▶ WHAT THE EXERCISE ASKS: Leave out every picture and set down, exactly, the lines below from the one holding "As we’ve come" up to and including the one holding "贵州网友说:最近这帮人在他们".

### DATA RECORDS ###

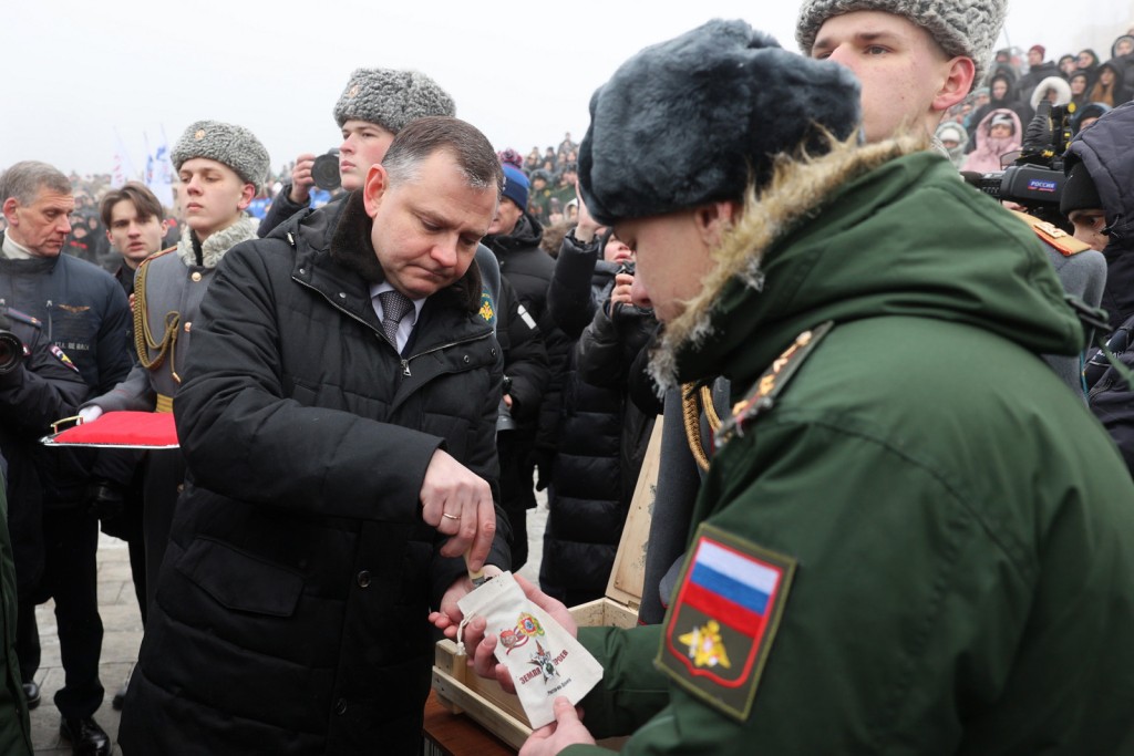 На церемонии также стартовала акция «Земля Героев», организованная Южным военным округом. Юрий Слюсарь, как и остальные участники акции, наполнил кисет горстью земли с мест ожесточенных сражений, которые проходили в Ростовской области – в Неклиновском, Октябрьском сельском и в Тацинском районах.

###
### DATA RECORDS ###

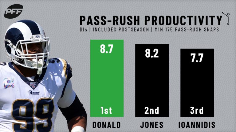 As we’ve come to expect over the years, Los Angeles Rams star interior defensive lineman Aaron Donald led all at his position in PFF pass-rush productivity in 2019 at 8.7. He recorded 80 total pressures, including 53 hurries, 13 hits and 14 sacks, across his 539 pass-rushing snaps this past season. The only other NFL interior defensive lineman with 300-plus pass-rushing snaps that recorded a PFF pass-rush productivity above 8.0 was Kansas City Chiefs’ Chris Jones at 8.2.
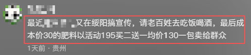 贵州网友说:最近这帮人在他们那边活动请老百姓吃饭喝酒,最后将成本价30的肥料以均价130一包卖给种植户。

###
### DATA RECORDS ###

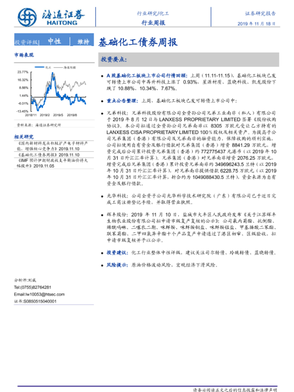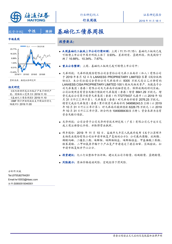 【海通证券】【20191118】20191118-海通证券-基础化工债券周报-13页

###

▶ EXERCISE ANSWER:
 As we’ve come to expect over the years, Los Angeles Rams star interior defensive lineman Aaron Donald led all at his position in PFF pass-rush productivity in 2019 at 8.7. He recorded 80 total pressures, including 53 hurries, 13 hits and 14 sacks, across his 539 pass-rushing snaps this past season. The only other NFL interior defensive lineman with 300-plus pass-rushing snaps that recorded a PFF pass-rush productivity above 8.0 was Kansas City Chiefs’ Chris Jones at 8.2.
 贵州网友说:最近这帮人在他们那边活动请老百姓吃饭喝酒,最后将成本价30的肥料以均价130一包卖给种植户。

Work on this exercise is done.